Contribution towards the preparation of the business plan
The second feature that needs to be considered is that which founder contributed to what extent toward the preparation of the business plan. It is pertinent to note that the mere existence of an idea is not enough for a successful business to be set up, a considerable amount of importance should be attached to its translation into a commercial viability i.e. done through the business plan preparation.
Expertise in the proposed business
The next component that is imperative to be thought of while distributing the equity is whether the co-founder possesses any degree of expertise or skill, specifically with respect to the proposed business. Therefore, if there are two founders, out of which one of them is highly skilled and owns a certain amount of expertise in the field, the equity split should consider this aspect also along with the other components. This is desirable because knowledge of the working or management of the business is an essential pre-requisite for the success of any form of business and thus, the founder should feel that he is being significantly rewarded for his contribution to it.
Amount of risk/commitment offered
The fourth aspect that requires due consideration is the amount of risk and commitment the founder is willing to offer. In order to explain this better, the concept of sleeping partner can be appreciated. A sleeping partner is essentially a partner that primarily contributes money in the business, but is not involved in its day to day functioning, as opposed to a working partner. Thus, it makes more sense if the founder who is actively involved in the affairs of the business is provided a greater share than his inactive counterpart, as he is serving more valuable to the organization.
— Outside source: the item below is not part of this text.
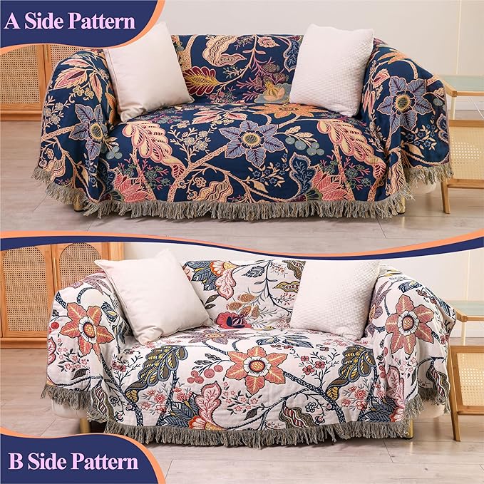 • DOUBLE-SIDED DESGIN - Give a fresh look for your sofa or bed in a few seconds, no worries about the front side or back side.You can use it as a sofa throw, a bed spread, a blanket or a decorative tablecloth and so on.

Similarly, the risk-taking founders would be like to portray more loyalty and hard work towards the business.
Distribution of responsibilities
The fifth aspect is based on the distribution of responsibilities and is closely linked to the commitment towards the business mentioned above. Nevertheless, it is better to consider the responsibilities that each person is willing to take up and ascertain his future interest in the business through that.
Therefore, majorly these are the five things that need to be taken into account while assessing the split of equity between the members. It is pertinent to note that the weight attached to each of these aspects may vary from organization to organization and on that basis decisions can be made. However, it would be a grave sin if, as is the usual practice among close friends, the equity is split into equal parts, in complete disregard of the aforementioned conditions.
It is pertinent to note that if in order to avoid discussions on this issue, a middle ground is adopted wherein every founder is accorded equal share, it would lead to a plethora of problems.
Firstly, it would prove as disincentive to the more deserving founder and may lead to his dissatisfaction and discontentment in the long run.
Secondly, if at a later point in time, any of the founders wish to alter this ratio, it would lead to clashes and may not also be possible.
Hence, in order to avoid such a situation in future, it is better to deliberate upon these issues in a sophisticated and professional manner, considering the Founders’ Pie Calculator test.
Apart from this, there is another thumb rule that needs to be established while deciding upon equity split. This thumb rule states that whatever be the situation, no co-founder should be provided lesser than ten percent of the total equity in the company. If it is less than that, the founder would constitute the category of first employee and should be then, entitled to remuneration.
Thus, it can be said that this is the manner in which the co-founders should proceed.